STATEMENT REGARDING FEDERALLY SPONSORED RESEARCH OR DEVELOPMENT

—

BACKGROUND OF THE INVENTION

The present invention relates generally to a method and apparatus for streaming musical and other similar performance content particularly to users having unreliable wireless connections.

Live streaming, where a musical performance is delivered in real-time or near real-time (for example from an archive) over the Internet to a geographically dispersed audience, provides great promise in allowing artists to connect with and cultivate fans in situations where attending a live performance is not practical. In a live streaming event, a performance may be captured using digital audio and video equipment and broadcast over the Internet using a standard such as HTTP live streaming (HLS) receivable by a wide variety of web browsers, media players, and mobile devices. HLS and similar standards provide the ability to send data at different bit rates according to the bandwidth of the receiving device, for example, providing higher bandwidths to high-speed wire or fiber connections and lower bandwidths to mobile devices operating through cellular telephone connections or weak Wi-Fi connections.

In this latter case, the signal can be substantially compressed or limited, significantly affecting the user's experience. Such bandwidth limitations are normally associated with mobile devices without wire connections; however, such devices are increasingly preferred for streaming, substantially affecting the user experience of a substantial percentage of music fans.

The problems of low bandwidth associated with wireless connections are anticipated to be remedied somewhat with new 5G communication protocols; however, such protocols are not currently widely available nor are likely to be available to a wide range of individuals in the near future.

SUMMARY OF THE INVENTION

The present inventor has recognized that a user's perception of streaming quality of a musical performance is disproportionately affected by the audio quality as compared to the video quality. That is, with high audio quality, the video quality of the streaming performance may be substantially reduced with limited or no effect on enjoyment.

The present invention accordingly provides a compression protocol offering different encoded bit rates for audio and video that provide successively greater compression of the video signal when the user's bandwidth is limited in favor of retaining the highest quality (least compression) of the audio channel. This is of particular importance because the video bandwidth is often many times that required by the audio bandwidth for the same degree of compression, and so the necessary degree of compression for the wireless channel can be achieved primarily with video compression or reduction. The invention can work within the existing HLS standard thus eliminating the need to modify a large installed base of media players on consumer devices.

These particular objects and advantages may apply to only some embodiments falling within the claims and thus do not define the scope of the invention.

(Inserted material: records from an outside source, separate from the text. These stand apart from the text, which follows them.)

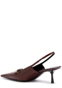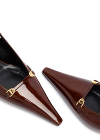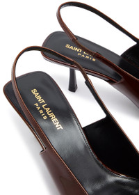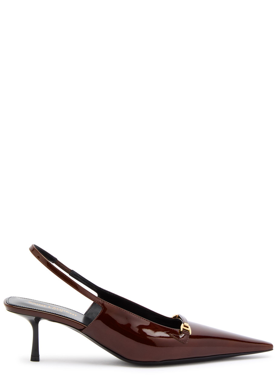 Info & Care Saint Laurent patent leather pumps; Heel measures approximately 2.5 inches/ 55mm Horsebit strap embellishment, pointed square toe; Partially elasticated slingback strap; Size & Fit Narrow across the toe Only available in full sizes, go up to the nearest whole size if you take a half size;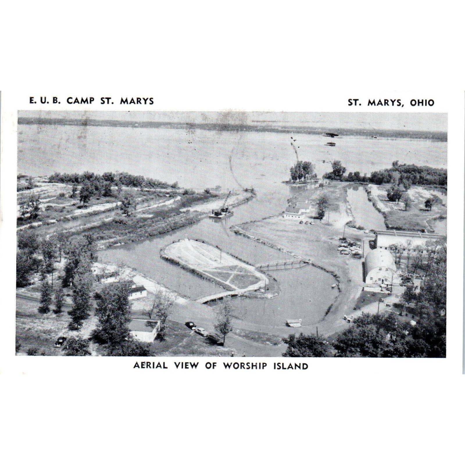 Vintage Postcard Aerial View of Worship Island E.U.B. Camp St. Marys OH TD8-O2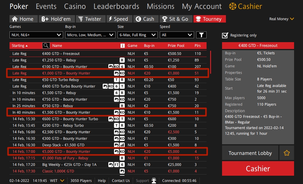 ☝ Зачётные турниры Bounty Hunter проходят в руме регулярно, а бай-ины в них варьируются от €0.5 до €100. По итогам каждого зачётного дня топ-50 лучших нокаутёров получают турнирные билеты номиналом от €1 до €100.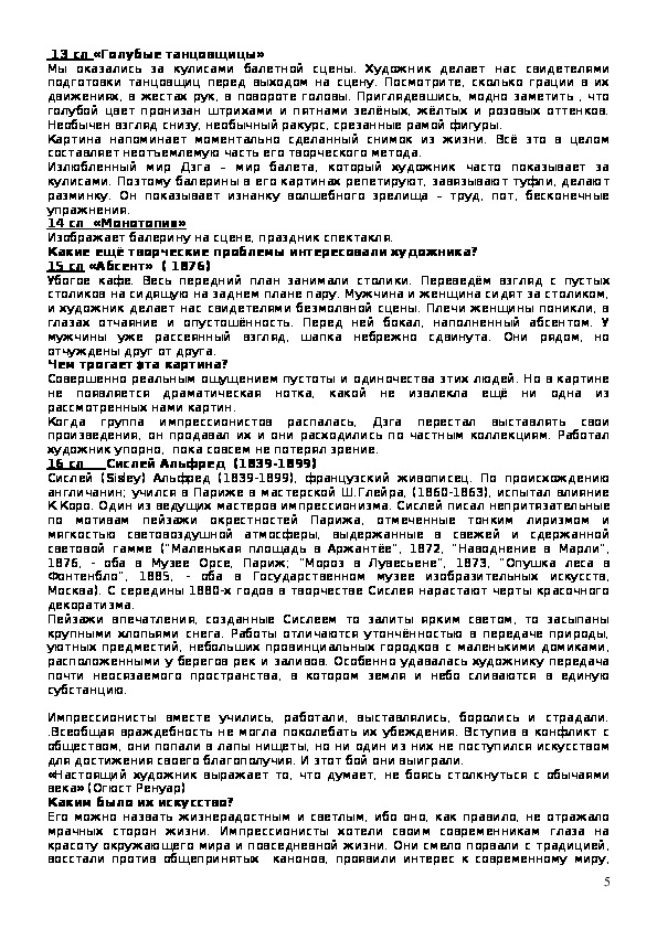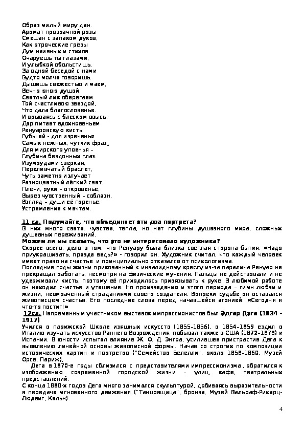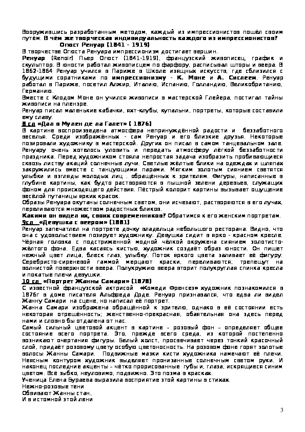 Цель: познакомить учащихся с творческими принципами импрессионистов, с их стремлением раскрыть средствами живописи взаимосвязь человека и окружающей среды, показать красоту природы, научить людей ценить её, обратить внимание учащихся на новую технику письма импрессионистов на примере работ Э.Мане, К. Моне, Э. Дега, О. Ренуара.

BRIEF DESCRIPTION OF THE DRAWINGS

FIG. 1 is a simplified block diagram of a streaming system suitable for use with the present invention providing a ladder of different stream qualities;

FIG. 2 is a block diagram of adaptive bit rate streaming used in the present invention using a ladder table for identifying stream files;

FIG. 3 is a simplified example of a ladder table per the present invention; and

FIG. 4 is a flowchart of a program executed by the streaming system.

DETAILED DESCRIPTION OF THE PREFERRED EMBODIMENT

Referring now to FIG. 1, a streaming system 10 according to the present invention may provide for live streaming of an event 12, for example, captured with multiple cameras 14 and audio devices 16 (here represented as wireless microphones and the like). Each of these cameras 14 and audio devices 16 may provide data streams to a mixer device 18 which may select among the cameras 14 and audio devices 16, control their levels, and splice in prerecorded material 20 as desired. The result is a combined audio video stream 22 which may be provided to a stream server 24, for example, Open Broadcasts Software (OBS) or the like. This combined audio video stream 22 may have a predetermined audio bandwidth that is fixed and communicated to devices receiving the stream.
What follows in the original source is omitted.